■ ASSIGNED TASK
Print back each record unchanged, without pictures.

■ ENTRIES PROVIDED

________________

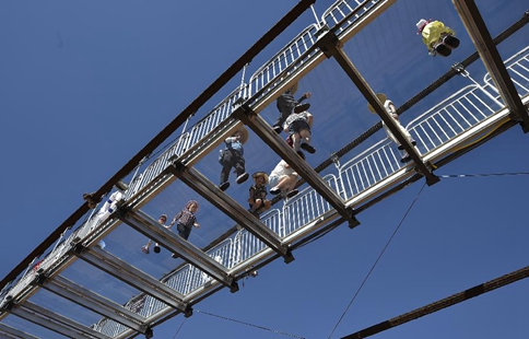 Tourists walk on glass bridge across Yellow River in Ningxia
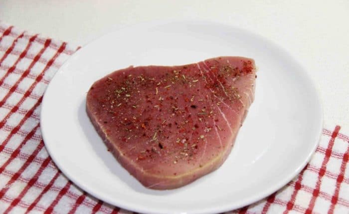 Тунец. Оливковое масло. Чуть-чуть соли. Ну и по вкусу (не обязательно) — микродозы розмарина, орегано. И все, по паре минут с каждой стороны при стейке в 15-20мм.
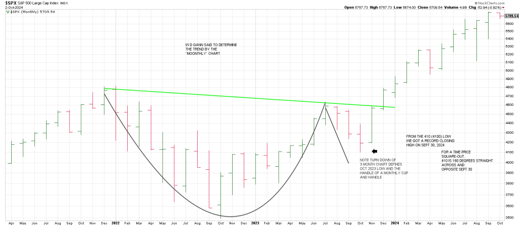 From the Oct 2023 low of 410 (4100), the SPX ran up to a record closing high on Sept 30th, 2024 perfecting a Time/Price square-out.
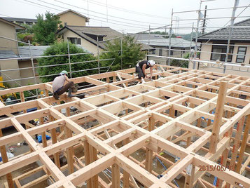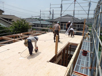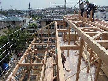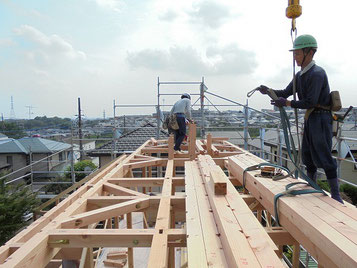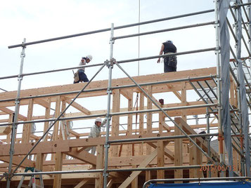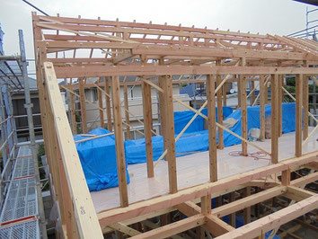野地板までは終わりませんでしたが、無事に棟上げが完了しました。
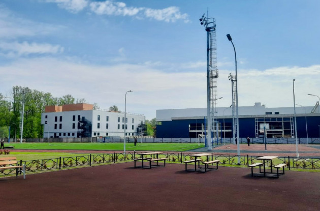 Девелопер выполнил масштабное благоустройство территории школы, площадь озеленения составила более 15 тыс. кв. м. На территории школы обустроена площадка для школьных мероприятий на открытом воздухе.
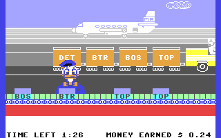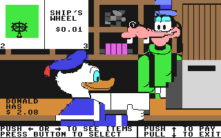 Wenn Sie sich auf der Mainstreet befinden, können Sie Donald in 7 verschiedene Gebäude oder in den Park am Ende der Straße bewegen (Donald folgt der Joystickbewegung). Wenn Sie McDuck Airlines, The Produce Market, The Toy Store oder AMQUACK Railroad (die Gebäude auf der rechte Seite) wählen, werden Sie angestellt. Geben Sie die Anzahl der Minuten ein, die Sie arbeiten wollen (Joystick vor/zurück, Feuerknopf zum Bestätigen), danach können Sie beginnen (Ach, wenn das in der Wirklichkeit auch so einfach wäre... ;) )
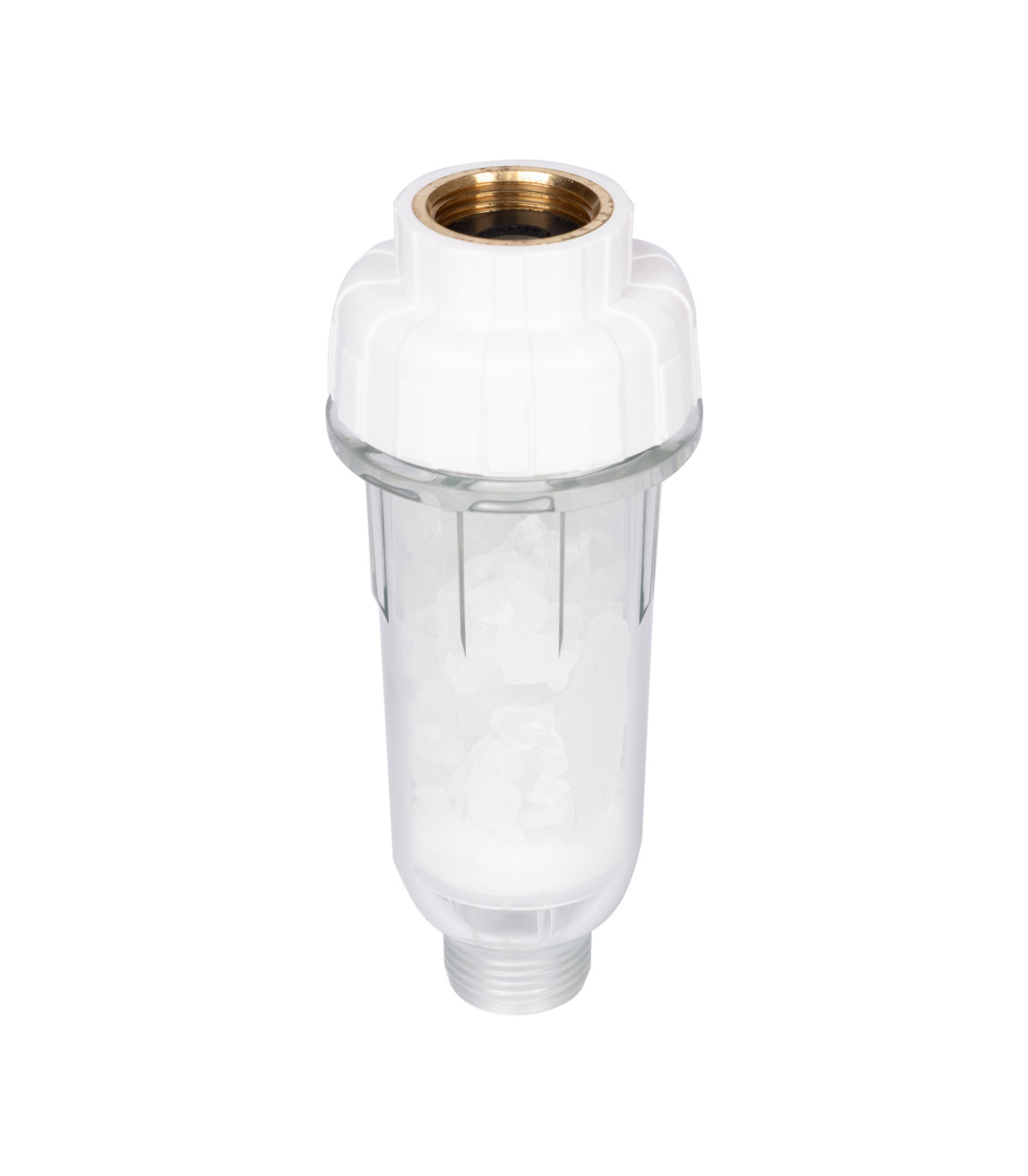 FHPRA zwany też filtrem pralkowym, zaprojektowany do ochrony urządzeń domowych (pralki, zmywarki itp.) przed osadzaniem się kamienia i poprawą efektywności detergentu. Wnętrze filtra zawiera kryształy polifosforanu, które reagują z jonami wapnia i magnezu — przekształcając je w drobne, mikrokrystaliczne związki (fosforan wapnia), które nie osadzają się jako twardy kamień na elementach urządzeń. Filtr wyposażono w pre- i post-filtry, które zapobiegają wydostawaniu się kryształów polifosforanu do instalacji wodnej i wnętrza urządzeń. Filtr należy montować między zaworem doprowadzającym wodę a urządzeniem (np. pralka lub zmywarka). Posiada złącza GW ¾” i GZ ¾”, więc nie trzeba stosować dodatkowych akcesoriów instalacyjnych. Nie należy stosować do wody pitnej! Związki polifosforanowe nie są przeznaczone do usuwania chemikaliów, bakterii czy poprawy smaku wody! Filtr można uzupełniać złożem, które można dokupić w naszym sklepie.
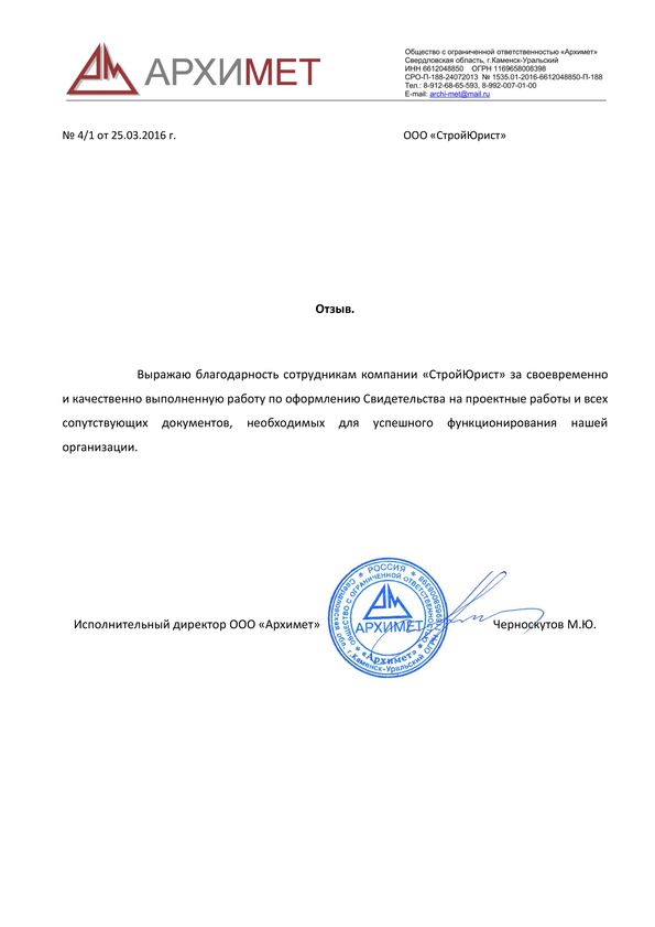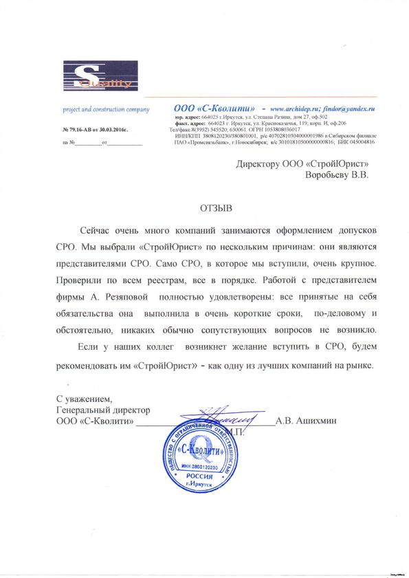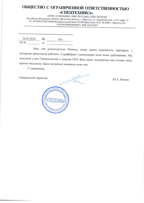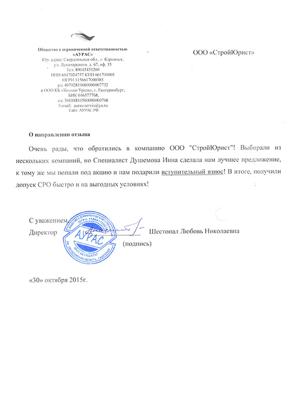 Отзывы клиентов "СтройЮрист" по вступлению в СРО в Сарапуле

________________

■ SOLUTION TO THIS PROBLEM
 Tourists walk on glass bridge across Yellow River in Ningxia
 Тунец. Оливковое масло. Чуть-чуть соли. Ну и по вкусу (не обязательно) — микродозы розмарина, орегано. И все, по паре минут с каждой стороны при стейке в 15-20мм.
 From the Oct 2023 low of 410 (4100), the SPX ran up to a record closing high on Sept 30th, 2024 perfecting a Time/Price square-out.
野地板までは終わりませんでしたが、無事に棟上げが完了しました。
 Девелопер выполнил масштабное благоустройство территории школы, площадь озеленения составила более 15 тыс. кв. м. На территории школы обустроена площадка для школьных мероприятий на открытом воздухе.
 Wenn Sie sich auf der Mainstreet befinden, können Sie Donald in 7 verschiedene Gebäude oder in den Park am Ende der Straße bewegen (Donald folgt der Joystickbewegung). Wenn Sie McDuck Airlines, The Produce Market, The Toy Store oder AMQUACK Railroad (die Gebäude auf der rechte Seite) wählen, werden Sie angestellt. Geben Sie die Anzahl der Minuten ein, die Sie arbeiten wollen (Joystick vor/zurück, Feuerknopf zum Bestätigen), danach können Sie beginnen (Ach, wenn das in der Wirklichkeit auch so einfach wäre... ;) )
 FHPRA zwany też filtrem pralkowym, zaprojektowany do ochrony urządzeń domowych (pralki, zmywarki itp.) przed osadzaniem się kamienia i poprawą efektywności detergentu. Wnętrze filtra zawiera kryształy polifosforanu, które reagują z jonami wapnia i magnezu — przekształcając je w drobne, mikrokrystaliczne związki (fosforan wapnia), które nie osadzają się jako twardy kamień na elementach urządzeń. Filtr wyposażono w pre- i post-filtry, które zapobiegają wydostawaniu się kryształów polifosforanu do instalacji wodnej i wnętrza urządzeń. Filtr należy montować między zaworem doprowadzającym wodę a urządzeniem (np. pralka lub zmywarka). Posiada złącza GW ¾” i GZ ¾”, więc nie trzeba stosować dodatkowych akcesoriów instalacyjnych. Nie należy stosować do wody pitnej! Związki polifosforanowe nie są przeznaczone do usuwania chemikaliów, bakterii czy poprawy smaku wody! Filtr można uzupełniać złożem, które można dokupić w naszym sklepie.
 Отзывы клиентов "СтройЮрист" по вступлению в СРО в Сарапуле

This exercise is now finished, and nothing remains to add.